Класс примолк, записывая нежелаемое; громко зевнул Матвеев, кашлянула Вера; Суханов же с Петровым глубокомысленно продолжали «резаться» на галерке в морской бой.
«А воробей, наверное, улетел», – подумала Стелла, изображая мелом мертвую параболу: больше всего она ненавидела математику. Цифры вызывали у нее странное, почти физическое, отвращение – впрочем, как и формулы, как и длинные химические реакции, смешавшиеся с непонятными знаками из физики.
– Свободна, «три», – удовлетворенно произнесла классная. – И вообще, Ливанова, когда ты перестанешь ходить в школу в таком виде?
– В каком? – в предчувствии бури черные зрачки Стеллы расширились, столкнувшись – стукнувшись? – с серостью зрачков напротив.
– Ах, в каком! Ты посмотри на себя!
Стелла сделала вид, что посмотрела – и все посмотрели, оторвавшись, наконец, от нудного графика: пепельно-серые, немного блестящие от оттеночного лака волосы – короткое каре, матовая кожа без единого прыщика, почти обязательного в тинэйджерстве, тонкий слой бесцветного блеска на губах; мини-форма, подчеркивающая почти уже сформировавшуюся фигуру, модные, в сеточку, колготки, остроносые «лодочки»…
Класс замолк, и даже Суханов с Петровым задвинули на время свои «корабли». Стелла чувствовала на себе взгляды – восхищенные, равнодушные, завистливые, враждебные… Но, пожалуй, ей было почти все равно: она еще не понимала, чем в данном случае вызвано такое вот ее обозрение.
– … и почему ты пользуешься косметикой?

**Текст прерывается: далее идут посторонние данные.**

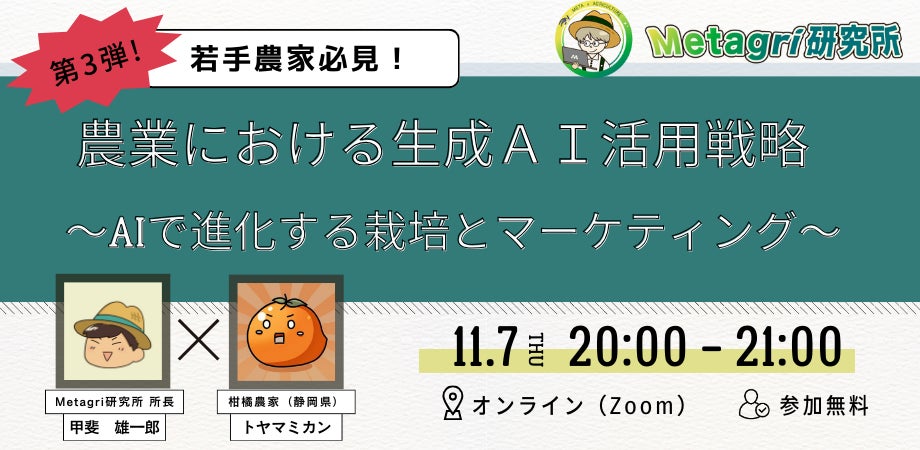 農業web3コミュニティ「Metagri研究所」(運営:株式会社農情人、本社:千葉県船橋市、代表取締役:甲斐雄一郎)は、2024年11月7日にオンラインセミナー「農業における生成AIの実践活用~AIで進化する栽培技術とマーケティング~」を開催します。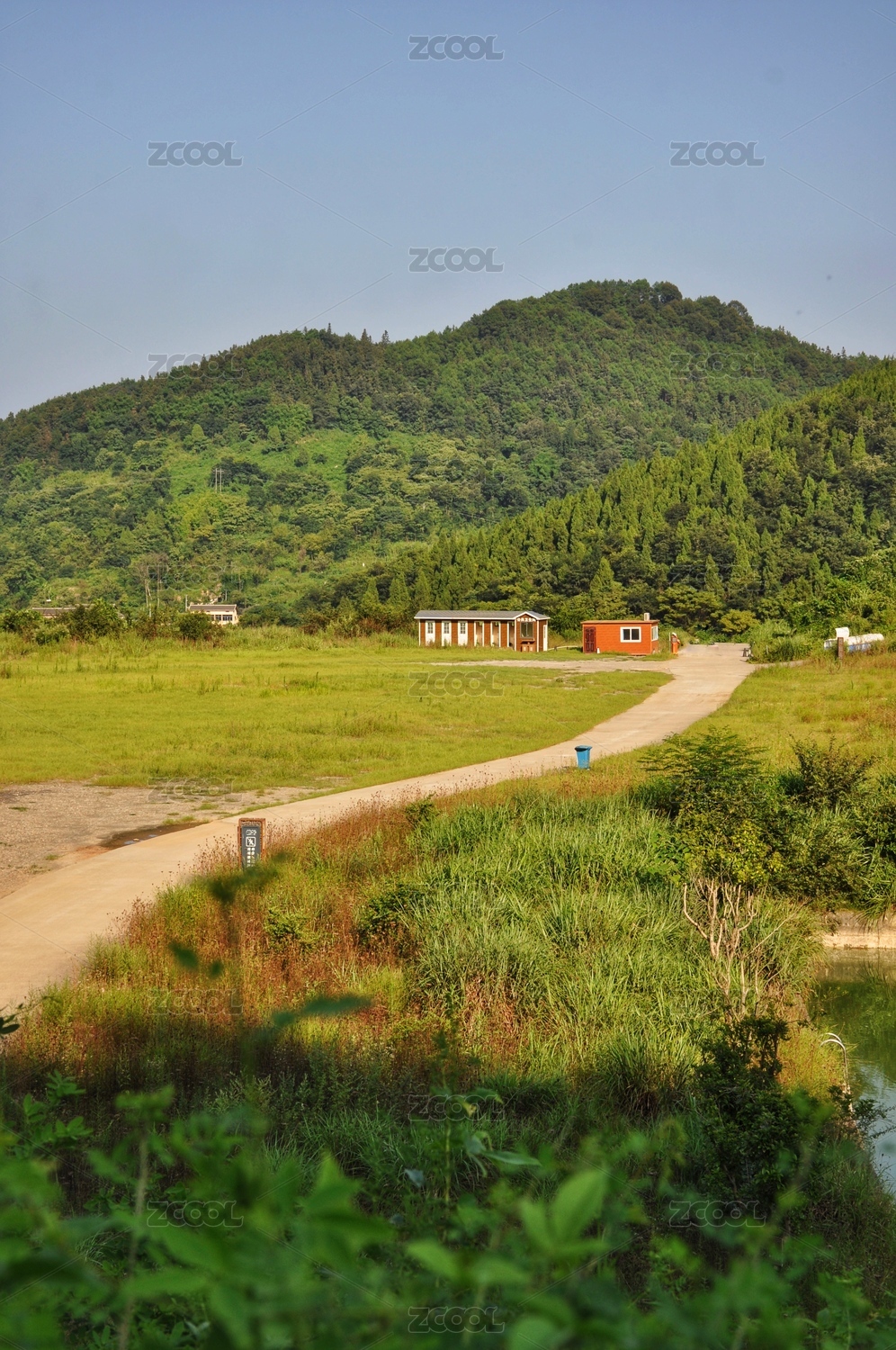水稻田中间的一条水泥路及远处的民房,中国福建永定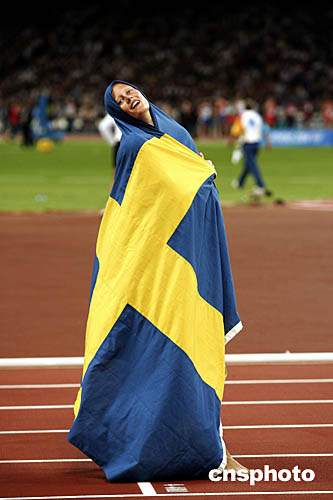 圖為瑞典選手克魯夫特(Kluft Carolina)在獲得女子七項(xiàng)全能冠軍后,身披國(guó)旗以示慶祝的畫面。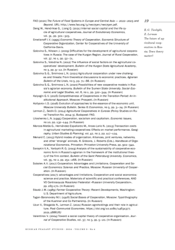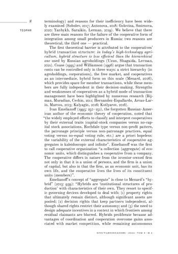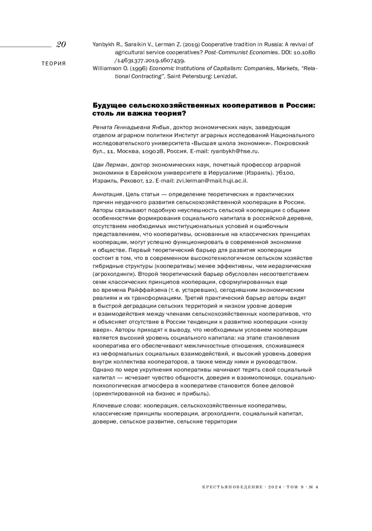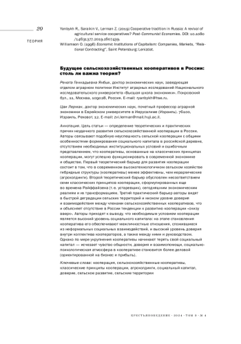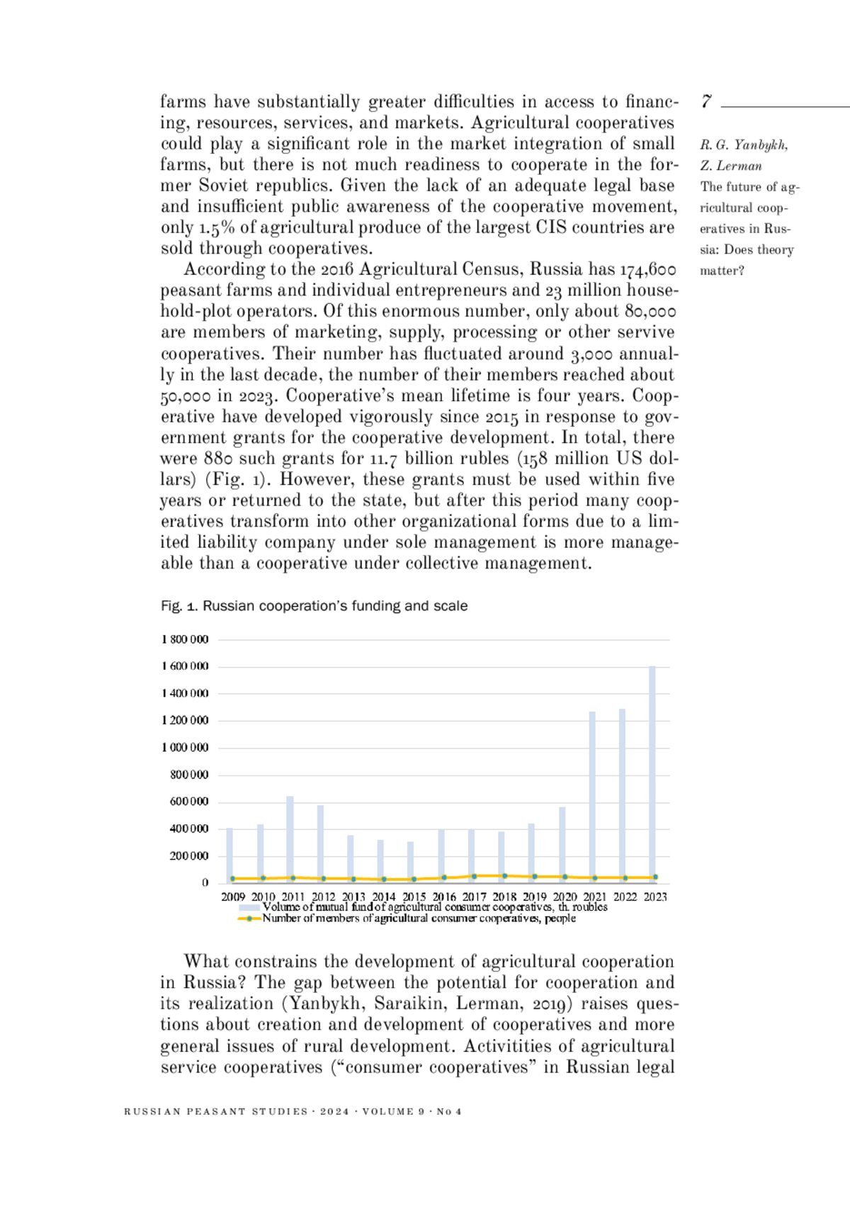 ЯНБЫХ Р. Г., ЛЕРМАН Ц. THE FUTURE OF AGRICULTURAL COOPERATIVES IN RUSSIA: DOES THEORY MATTER? // КРЕСТЬЯНОВЕДЕНИЕ. 2024. Т. 9 № 4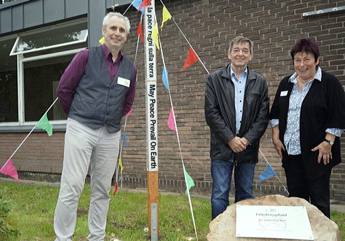 Marianne Pelz, Sprecherin der VHS-Kursleitenden: „Dieser Friedenspfahl ist ein Leuchtturm der Hoffnung auf weltweiten Frieden.“ Die beiden Marler Friedenspfähle gehen auf die Initiative der internationalen Organisation „Mayors for Peace“ zurück. Die Stadt Marl ist seit 1986 Mitglied. Mit Aktionen und Kampagnen engagieren sich die Mitgliedsstädte für eine friedliche Welt ohne Atomwaffen und den Frieden der Nationen.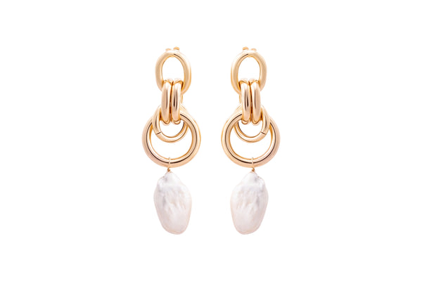 These statement earrings showcase an intricate gold filled ring design, with a white freshwater pearl pendant to soften the look.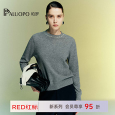 PALUOPO/帕罗【商场同款RED系列】秋冬圆领纯山羊绒衫女绣花毛衣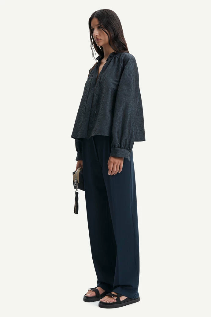 The Samsoe Samsoe Karookhi Blouse in Salute is a relaxed-fitting blouse that will elevate your look. Tie-fastening front neck opening with a gathered neckline and a frilled collar. Recycled polyester blend fabric with a tonal textured jacquard pattern. This product is GRS certified. Each stage of Samsoe Samsoe’s supply chain has met strict social, environmental, and chemical requirements.

Кто разрешил? Чем от тебя пахнет? Кто позволил душиться в школе? Ты пока всего лишь ученица, ты должна вести себя подобающе, знать свое место, думать о своем поведении. О чем ты думаешь вообще, Ливанова? Отвечай.
Стелла не знала, что отвечать – какими духами или о чем думает, так и сказав об этом классной.
8 «Б» загоготал: пахнуло жареным. Все, кроме двух некрасивых отличниц, жаждали зрелища – и не важно, чья там кровь…
– Ты что издеваешься, да?
Стелла удивленно посмотрела на классную:
– Вовсе нет. Ну, ладно… Что за духи? «Амариж», и, насколько я знаю, за этот запах мне не имеют права читать мораль. Это – во-первых. А во-вторых… Знаете, о чем я думаю, Любовь Павловна? Что в вашем возрасте пользоваться «Лесным ландышем» уже нельзя, вы просто себя не уважаете…
Классная остолбенела; Вера охнула, прижав руки к плоской груди; мальчишки, не отличающие «Амариж» от «…ландыша», выжидательно притихли. Послышался какой-то зловещий шепот: «Путана» – и все это услышали, а классная взорвалась, заорала:
– Вон! Без родителей в школе не появляться! Вон, немедленно! Вон!! Хамка, бессовестная! И откуда деньги только на такие колготки!
Стелла пожала плечами и пошла к парте за сумкой. Когда она кинула в нее последнюю ручку, то, обернувшись, увидела за окном того же промокшего воробья…
– Вон, я тебе сказала! – рокотала классная… – Убирайся!
– Это непедагогично, – обернулась Стела. – К тому же у меня нет никакого желания видеть вас, Любовь Павловна…
– Как ты смеешь! – но Стелла уже захлопывала дверь.
Классная, задрожав малиновыми губами, пыталась продолжить урок: – Записываем: график функции у=ах2+…
Но никто не пошевелился; в полной тишине прозвенел звонок.
Стелла равнодушно шла по коридору, уже заполнявшемуся старшеклассниками. Через секунду она услышала позади себя легкий бег: Вера догнала ее, коснувшись плеча:
– Ну зачем ты так… А вдруг из школы выгонят?
– Сама документы заберу. Завидует она, понимаешь? Сама не въезжает в свою зависть. Парнокопытное прямоходящее – да ты на нее посмотри! Злостью изошла: хочет всех под один размер, под один рост. Сучка просто, – махнула рукой Стелла, – ладно, пойду.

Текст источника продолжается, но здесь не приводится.